> Using something more like tracing, a log message gets attached to a context for the task, and it's not until the task is complete does anything get logged. This makes for a single log message that has a list of all the individual informational messages, as well as other metadata about the request. One mutex acquisition, one serialization, one file flush.
That's kinda terrible design. You don't see anything in progress, only if it finishes, and anything in progress just disappears, never to be seen again, if app crashes.
Splitting to event per action in a given context is a feature, not a bug
Not necessarily, this is an implementation detail.
Azure Application Insights for example streams events to a log file asynchronously. A crash is typically captured as a memory snapshot crash dump anyway, so if the entire process terminates then you have something that's probably superior to a text log!
If you open the crash dump, you can inspect the in-memory buffer of log events directly in a debugger.

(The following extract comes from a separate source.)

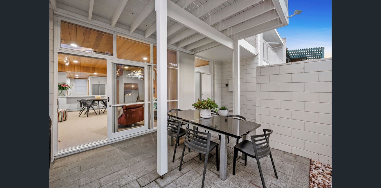 You'll fall in love with the home's unique 80s style, with floor-to-ceiling windows and timber roof paneling gracing the immaculate interiors. The open plan living/dining/kitchen zone establishes the heart of the home, where you can open the sliding door onto the front courtyard. This private outdoor setting is the perfect place to enjoy casual get-togethers with loved ones. The kitchen makes a stylish statement with stone benchtops, a F&P dishwasher and Westinghouse cooking appliances (wall oven, electric cooktop, rangehood). The laundry completes the lower level.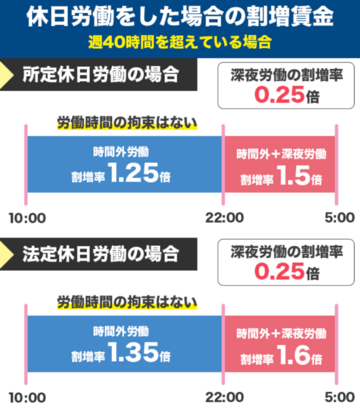 - この期間に労働した場合、通常の時間外労働の賃金に 125% を乗じた額が支払われる。

If the operation fails internally with an exception, then the logs are captured as normal including the exception details.
Asynchronous logging is dramatically more efficient. Or to put it another way, synchronous logging often causes performance bottlenecks that surprises developers.
If you do want "live" logs equivalent to viewing the tail of a text file, most systems (such as App Insights mentioned above) can dynamically switch from async to sync mode and stream all events second-by-second.
That's kinda terrible design. You don't see anything in progress, only if it finishes, and anything in progress just disappears, never to be seen again, if app crashes.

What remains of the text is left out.